Conrad died in 918 without issue. On his deathbed, mindful only of the welfare of the empire, he proved himself deserving even by his latest act of the crown he had so worthily worn, by charging his brother Eberhard to forget the ancient feud between their houses, and to deliver the crown with his own hands to his enemy, the free-spirited Henry, whom he judged alone capable of meeting all the exigencies of the State. Eberhard obeyed his brother’s injunctions, and the princes respected the will of their dying sovereign.

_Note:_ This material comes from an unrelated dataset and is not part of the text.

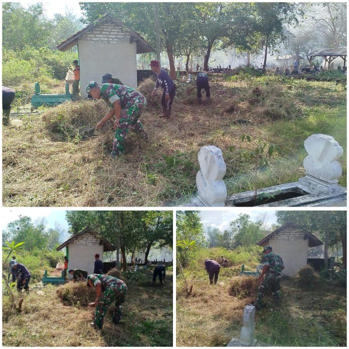 Dalam kegiatan tersebut, Babinsa bersama warga membersihkan rumput liar, sampah, serta merapikan area sekitar makam.

The princes, with the exception of Burkhard and of Arnulf, assembled at Fritzlar, elected the absent Henry king, and dispatched an embassy to inform him of their decision. It is said that the young duke was at the time among the Harz Mountains, and that the ambassadors found him in the homely attire of a sportsman in the fowling floor. He obeyed the call of the nation without delay and without manifesting surprise. For the error he had committed in rebelling against the State, it was his firm purpose to atone for by his conduct as Emperor. Of a lofty and majestic stature, although slight and youthful in form, powerful and active in person, with a commanding and penetrating glance, his very appearance attracted popular favor; besides these personal advantages, he was prudent and learned, and possessed a mind replete with intelligence. The influence of such a monarch on the progressive development of society in Germany could not fail of producing results fully equaling the improvements introduced by Charlemagne.